Allopolyploidy involves the hybridization of genetically distinct but related genomes and whole-genome duplication. Allopolyploidy is a common occurrence in plants, found in most economically significant crops such as cotton and wheat (Feldman and Levy 2005).

The evolutionary history of wheat involves two separate allopolyploidization events: the first includes wild wheat T. urartu (2n = 2x = 14, genome AA) and a species from section Sitopsis (2n = 2x = 14, genome BB) to produce T. turgidum ssp. dicoccoides (2n = 4x = 28, genome BBAA) and the second includes T. turgidum ssp. dicoccoides and Ae. tauschii (2n = 2x = 14, genome DD) to produce bread wheat T. aestivum (2n = 6x = 42, genome BBAADD).

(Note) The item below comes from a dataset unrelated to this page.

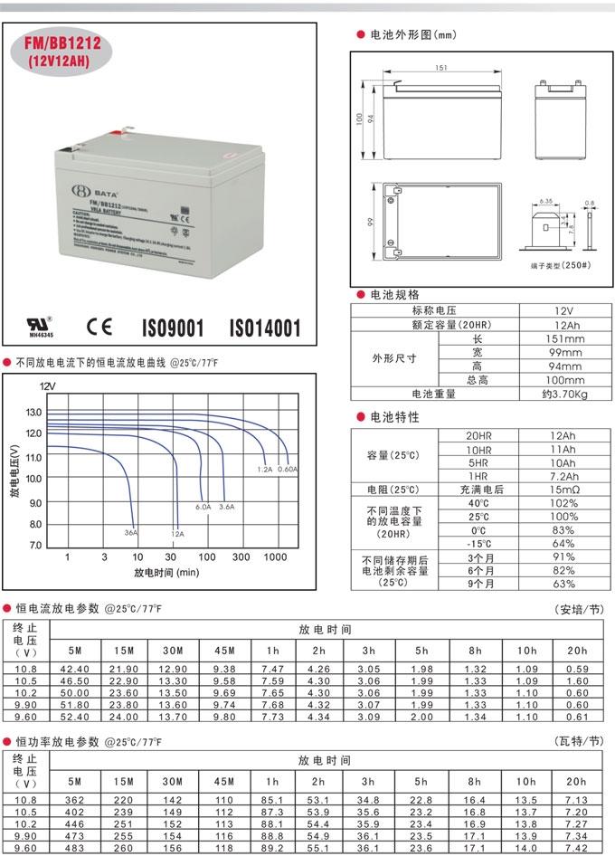 鸿贝蓄电池铅酸蓄电池FM系列FM12-12(12V12AH)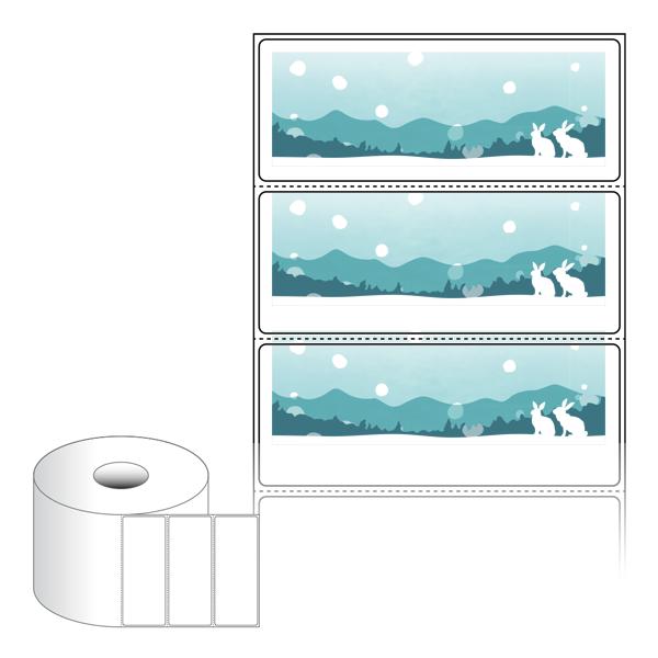 출력용 롤타입 스티커 디자인 라벨지, 규격코드: RS10039, 디자인코드: DA1716(설산 속 토끼가족), 100 x 39.333 (mm) , 지관: 40mm

For the study of mechanisms underlying the immediate consequences of polyploidy-induced genomic changes (revolutionary changes), wheat has been a useful model as its historical events of allopolyploidization can be mimicked in the lab, by hybridizing the known ancestors of wheat polyploids (Adams and Wendel 2005; Kashkush et al. 2003; Liu et al. 1998; Ma et al. 2004; Ozkan et al. 2001; Shaked et al. 2001; Yaakov and Kashkush 2011a, b). The impact of transposable elements on the genomic evolution of plants is not completely clear; however, the use of recently domesticated species, such as wheat, is essential for the study of rapidly changing genetic elements (Comai 2005). Previous studies have shown that newly formed polyploids undergo rapid and reproducible genomic and epigenomic changes (Chen 2007; Comai 2005; Feldman and Levy 2009). Furthermore, transcriptional activation of an LTR retrotransposon (WIS2-1A) was observed to occur as a result of polyploidization in wheat, as well as influenced adjacent gene products (Kashkush et al. 2003). Polyploidization in wheat also affected the methylation status (Kraitshtein et al. 2010; Parisod et al. 2009, 2010; Yaakov and Kashkush 2011a, b; Zhao et al. 2011), of associated siRNA (Kenan-Eichler et al. 2011) and rearrangements (Bento et al. 2008; Kraitshtein et al. 2010; Petit et al. 2010) of transposable elements.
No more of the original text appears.